Background, paragraph 2
I question the usefulness of Fig 1 and the Medline mining to illustrate the increasing numbers of categories of omics data. I'm not convinced that this is truly representative (isn't it reflecting, instead, scientists' penchant for leaping on a bandwagon regarding names? e.g. I wouldn't call the "kinome" or the "O-GlcNAc-ome" entirely new datatypes - they're a subset of the proteome, surely?). I would be satisfied with the authors simply asserting instead that there are increasing numbers of omic approaches to analysis, illustrated with some examples of newer omics data types. The authors could then remove reference to the MEDLINE mining.
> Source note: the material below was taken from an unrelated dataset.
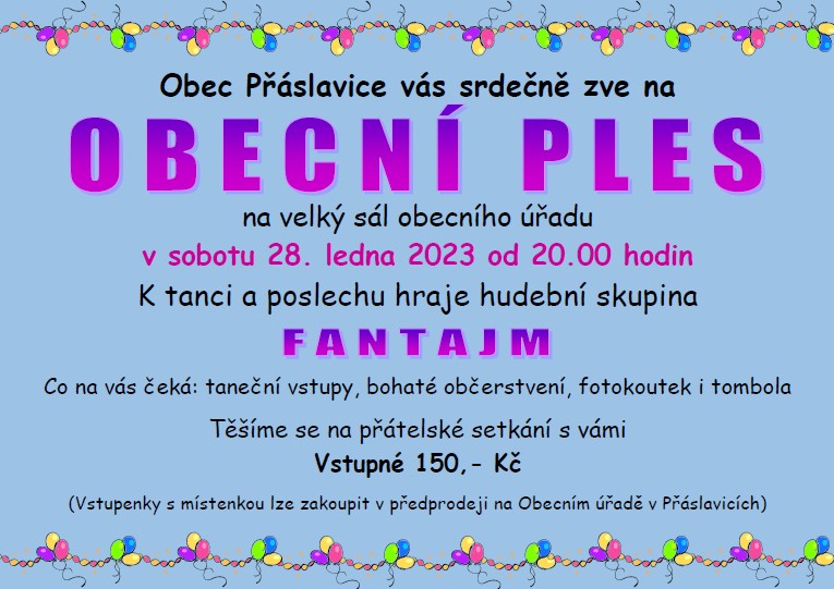 Úvod > Život v obci > Aktuality > Pozvánka na Obecní ples - Přáslavice 28.1.2023

Background, paragraph 3 - requires edit for clarity
A brief description of what a contingency table is would be beneficial, prior to the different omics examples. A potentially more readable sentence would start "Despite the different types of data involved in the various comparative omics techniques (e.g. metabolomics, proteomics or microarray-based transcriptome analyses), they all share an underlying, core data type: the sample by observation contingency table. A contingency table is... [brief explanation followed by omics examples, as in the text].
Background, paragraph 2 - edit for clarity
Suggestion: "A common data format will facilitate the sharing and publication of comparative omics data and associated metadata, as well as improving the interoperability of comparative omics software. It will enable rapid advances in omics fields by allowing researchers to focus on data analysis instead of formatting data for transfer between different software packages or reimplementing existing analysis workflows to support their specific data types."
Background, paragraph 3 - edit for clarity and brevity
Suggestion: "However, many techniques are applicable aross data types, for example Rarefaction analyses (i.e. collector curves). These are frequently applied in microbiome studies to compare how the rate of incorporation of additional sequence observations affects the rate at which new OTUs are observed. This is done to determine whether an environment is approaching the point of being fully sampled (e.g. [14]). Similarly, they can also be applied in comparative genomics [...]" (etc). This whole paragraph could be more concisely written.
Background, paragraph 3 - requires clarification
In the sentence "A standard format [...] will support interoperability of these tools and facilitate development and adoption of future analysis pipelines..." it's not immediately clear what tools are being referred to and how exactly it will facilitate pipeline development.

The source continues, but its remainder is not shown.